Jason Garrett has to earn his paycheck over the next two months.EXPAND
Jason Garrett has to earn his paycheck over the next two months.
Keith Allison

Get Ready for a Weird End to the Cowboys' Regular Season

For about a half-hour Sunday afternoon, it looked like the Cowboys were going to be playing three huge games to close out the 2018 regular season. Less than 15 minutes of game time later, however, those contests in Indianapolis, Arlington and New Jersey had been rendered effectively meaningless, setting up one of the strangest run-ins in team history.

Thanks to Amari Cooper's three touchdowns in the fourth quarter and overtime of the Cowboys' showdown with the Eagles and the Giants' win over the floundering Redskins on Sunday afternoon, the Cowboys have a greater than 99 percent chance to win the NFC East, according to The New York Times' handy NFL playoff machine

If they win any of their remaining three games, the Cowboys win the division. Same goes for if the Cowboys lose their games against the Colts, Buccaneers and Giants, as long as the Eagles and Redskins lose at least one more game each. As loath as the Observer is to put a cart driven by Jerry Jones and Jason Garrett before the horse, the Cowboys, all but dead the Monday before Election Day, might have essentially clinched a playoff spot two weeks before Christmas. Five wins in five weeks against the best the NFC has to offer will do that for you.

Obviously, the big thing about the Cowboys' situation is that they are going to be playing in a playoff game on Jan. 5 or 6. January football is fun, and the Cowboys have played too little of it since the end of the Troy Aikman/Emmitt Smith/Michael Irvin era. There's going to be plenty of time to evaluate the Cowboys' matchup in the game and their chances of playing past the postseason tournament's first weekend between now and New Year's.

There's a downside, or at least a tricky side, to taking care of business so early. Generally, when a team clinches a playoff spot in early December, they have something left to play for over the rest of the regular season, whether it's a first-round bye, home-field advantage or a division championship. Thanks to going 3-5 over the first half of their season — and the rest of NFC East being a dumpster fire — the Cowboys don't have any of those incentives.

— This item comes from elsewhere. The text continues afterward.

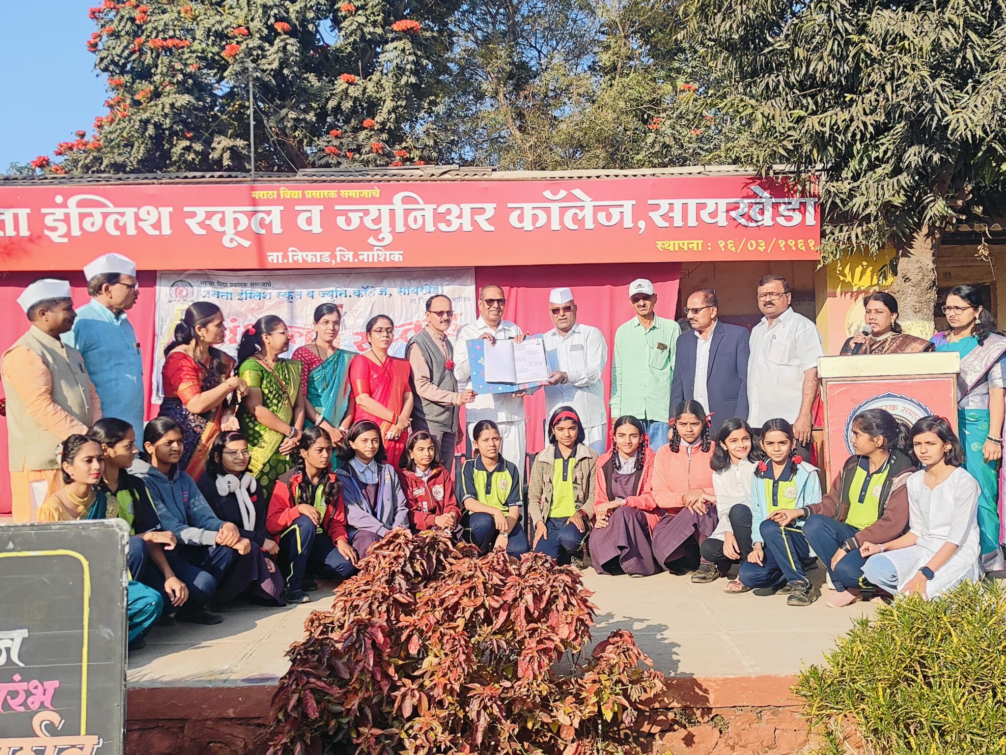 कविद्या प्रसारक समाज संस्था संचलित सायखेडा येथील जनता इंग्लिश स्कूल विद्यालय व ज्युनिअर कॉलेज मध्ये ‘ मराठी भाषा संवर्धन पंधरवडा’ विविध कार्यक्रमानी उत्साहात साजरा करण्यात आला. मराठा विद्या प्रसारक समाज संस्थेचे निफाड तालुका संचालक श्री शिवाजी आप्पा गडाख यांच्या मार्गदर्शनाखाली हा सप्ताह साजरा करण्यात आला.

Their wild-card weekend game is going to be at home, and it's probably going to be against the Seahawks or Vikings. The Cowboys' reward, should they knock off Seattle or Minnesota, will be a trip to New Orleans or Los Angeles to take on the Saints or Rams. Nothing the team does over the next three weeks is going to change any of that.

Garrett's team is locked-in, leaving the head coach with a classic NFL conundrum — play your starters and keep them sharp, or let them rest and get healthy ahead of the games that really matter. The Cowboys' recent playoff history points to keeping players sharp as being the best course. None of the Cowboys' stars played significant snaps in the team's 2016 finale against the Eagles, and Dak Prescott, Ezekiel Elliott & Co. came out flat against the Packers in the divisional round of the playoffs, before seeing their furious second-half rally come up short.

This year, however, the sit-or-play decision is even more complicated than usual.

Of all the players on the Cowboys roster, the two who would most benefit from a month off are offensive linemen Zack Martin and Tyron Smith. Martin and Smith, both former first-team All-Pros, have been good this season, not great, thanks to a number of nagging injuries. In a vacuum, they would sit this week, next week and the one after, before getting back to work the first week in January.

Nothing in the NFL happens in a vacuum.

If Martin and Smith aren't playing, both Prescott and Elliott would be at higher injury risk during any part of the Cowboys' remaining regular-season games in which they participate. The cascade of "ifs" continues from there, too. If Prescott isn't playing, why risk the rest of the Cowboys' starting offense in what will essentially be a noncompetitive environment, and if the first-team offense isn't playing, why not rest the first-team defense, too?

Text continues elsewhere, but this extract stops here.